In my happiness, I tweeted and posted up the picture at the top of this article, with a note saying thank you to Mother Earth for my birthday present. I was then slightly bemused when someone gently reprimanded me for what I said, asking if I wasn’t maybe overbalancing into paganism, and why didn’t I thank Father God instead?
The comment got me pondering: is it wrong to attribute any sort of personality or agency to the inanimate world? Is it wrong to think that I might talk to the earth in any way? Does this lead me inevitably into paganism?
We are, of course, used to attributing sentience, personality and agency to the creaturely world, in stark contrast to Descartes who believed animals to be nothing more than machines.
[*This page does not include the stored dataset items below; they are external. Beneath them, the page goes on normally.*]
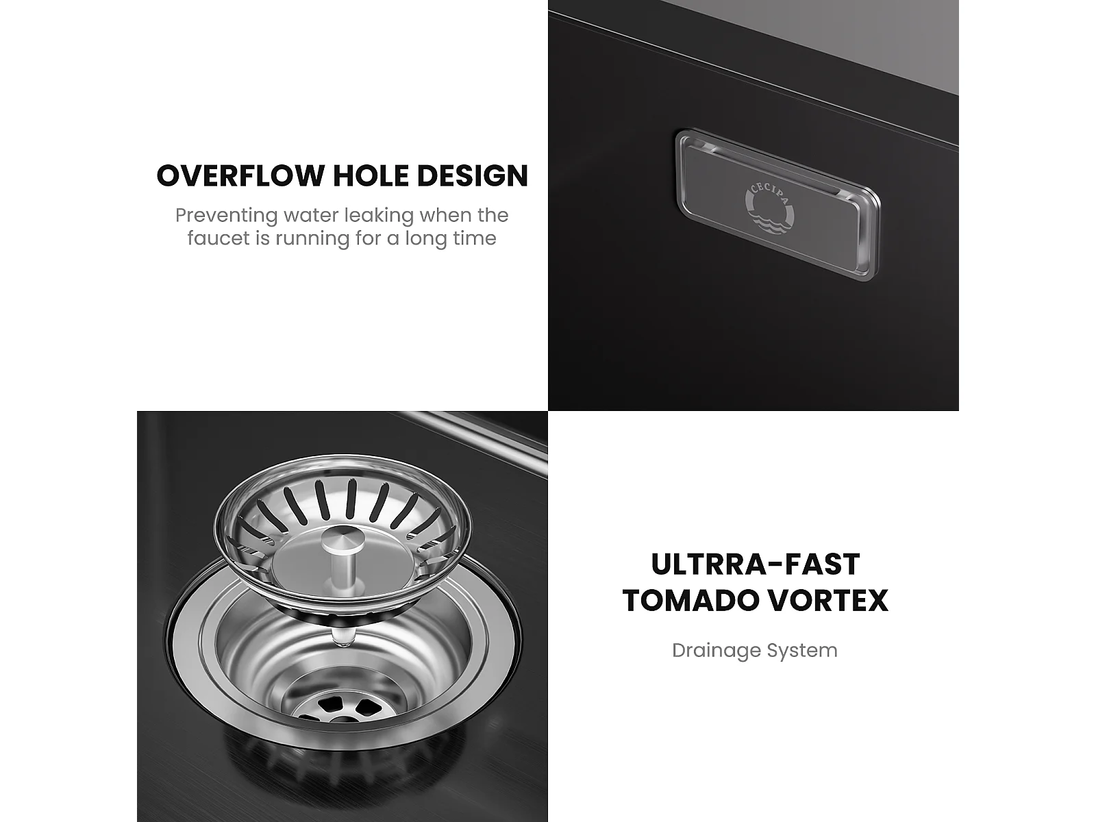 CECIPA MAX Évier de Cuisine 1 Bac Évier Inox 50*44CM Noir Anthracite + Mitigeur Cuisine pour Sstème D'osmose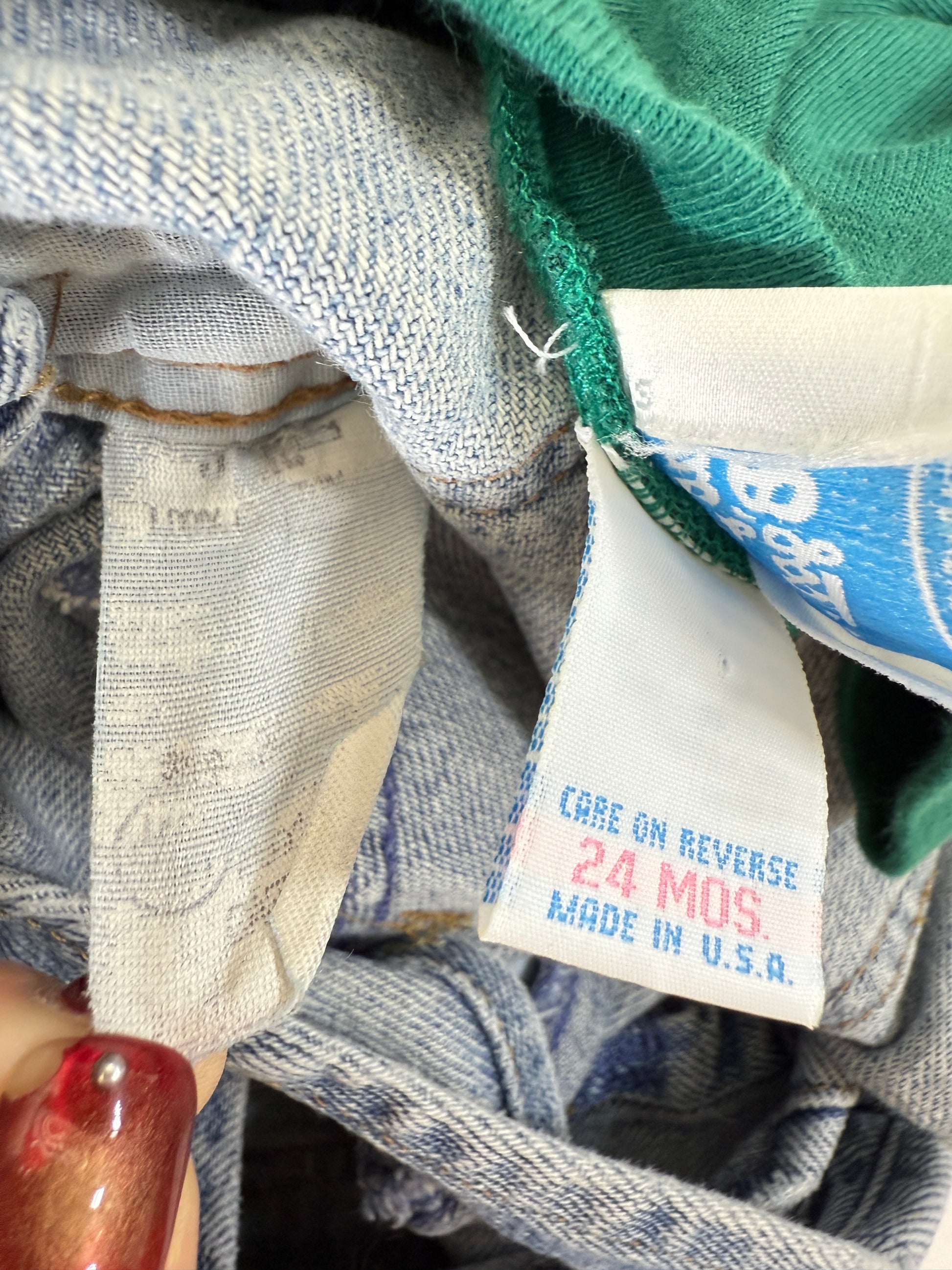 90s Kids Toddler Infant Vintage Oshkosh Bgosh Tshirt and Denim Overall 2pc Set / 12m 18m 24m / Made in USA set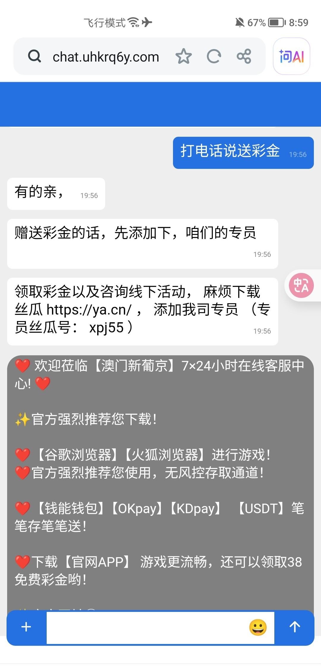 打电话说送彩金 要下载丝瓜加专员 送了38联系方式看图 我这没查手机号就送了 可以去碰瓷一下试试 平台网址80078.vip我没打出来 黑不黑自测 不要充值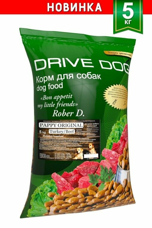 DRIVE DOG PAPPY ORIGINAL корм для щенков средних и крупных пород индейка с говядиной (5 кг)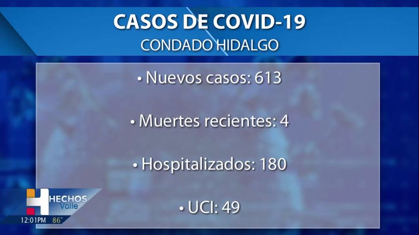 El condado Hidalgo informó el jueves sobre cuatro muertes relacionadas con el coronavirus y 613 casos positivos de COVID-19.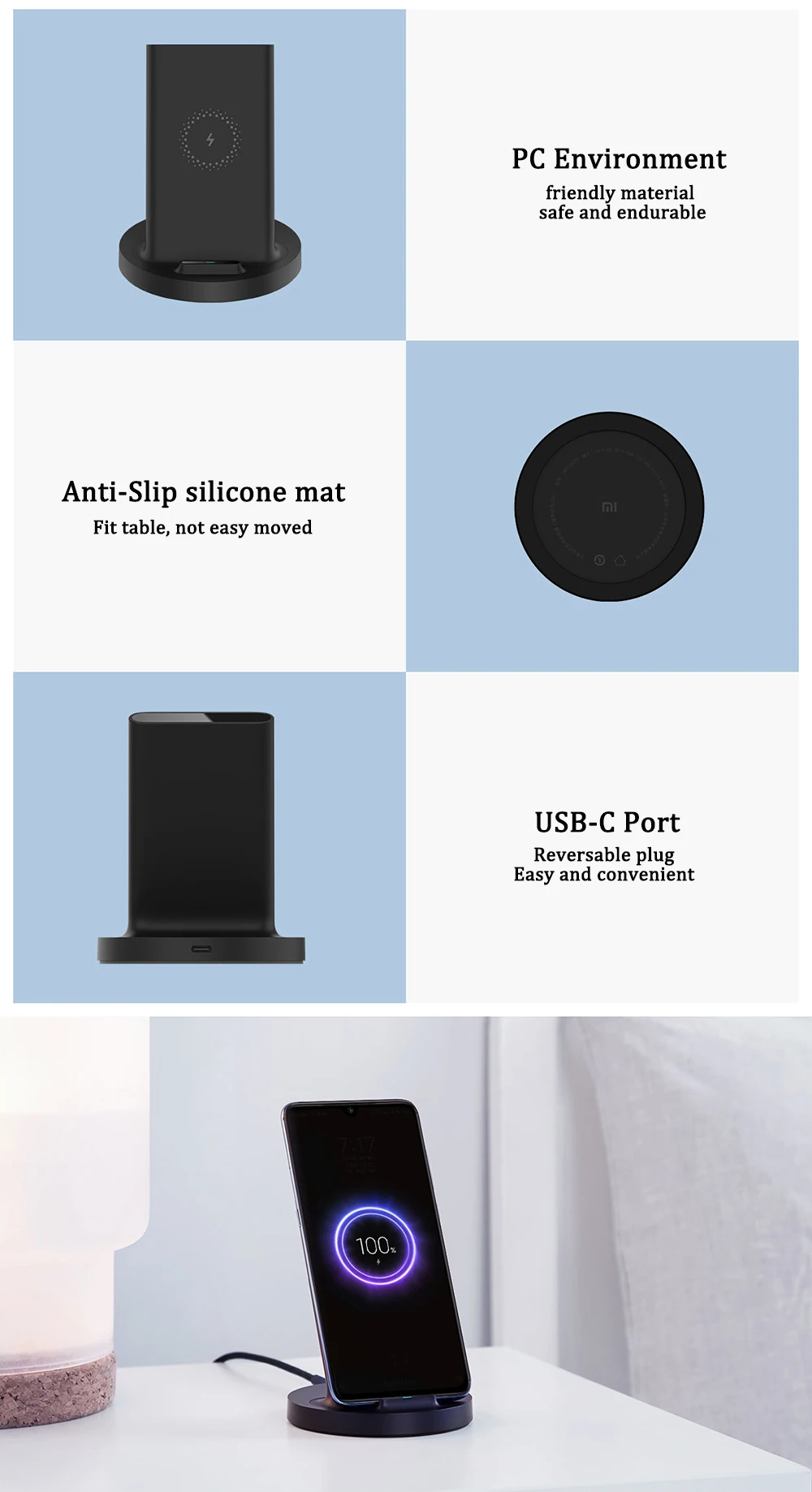 Вертикальная Беспроводная подставка для зарядного устройства Xiaomi, зарядка со вспышкой мощностью 20 Вт, Qi совместимость, несколько безопасных для смартфонов iPhone, Samsung, Xiaomi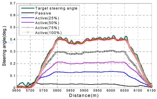 The steering angle of passive condition with insufficient steering function is 0.029 degrees. This indicates that the measured value is very low at 7.3% of the target value, considering that the target steering angle required to pass the R300 curve is 0.4 degrees according to Equation (1). As the steering angle implementation level increases with active steering control, the steering angle is approximated to the test conditions. That is, in the case of Active (50), it is 0.208 degrees., which is 52% of the target steering angle. In the case of Active (100) which performs 100% steering control, the measured value is 0.393 degrees., which is controlled well as 98.3% of the target steering angle.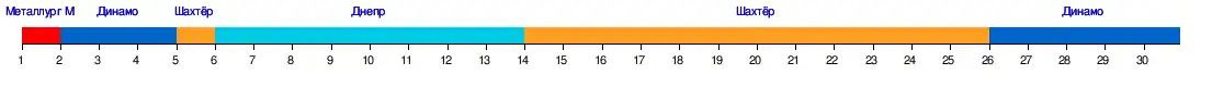 | М | Команда | ДИН | ШАХ | МТД | ДНЕ | АРС | ВОЛ | КАР | ЧЕР | ТАВ | ИЛЧ | ВОР | КРИ | АЛЕ | ОБО | МТЗ | МТХ |

When my sister’s dog brings us a stick we say thank you to her and give her a friendly stroke, and when my daughter eats a banana in the evening, our rabbit wants some and hops over and pesters her until he gets a chunk. But what about the inanimate aspects of the natural world?
Interestingly, even if we don’t always notice it, the Bible seems to have no hesitation in seeing the inanimate world as having a sense of agency. The trees, mountains and hills rejoice when the people of Israel do what is right and listen to God (Isaiah 55), and the Psalms depict all manner of aspects of the natural world – both animate and inanimate – praising God (Psalm 148 being the most obvious example). This doesn’t stop with individual things either: the land is described as mourning because of people’s wrongdoing (Jer. 12:4, Hos. 4:1-3) and the whole creation groans in pain, like labour pains. Is this merely poetic language? Maybe…. I’m not so sure.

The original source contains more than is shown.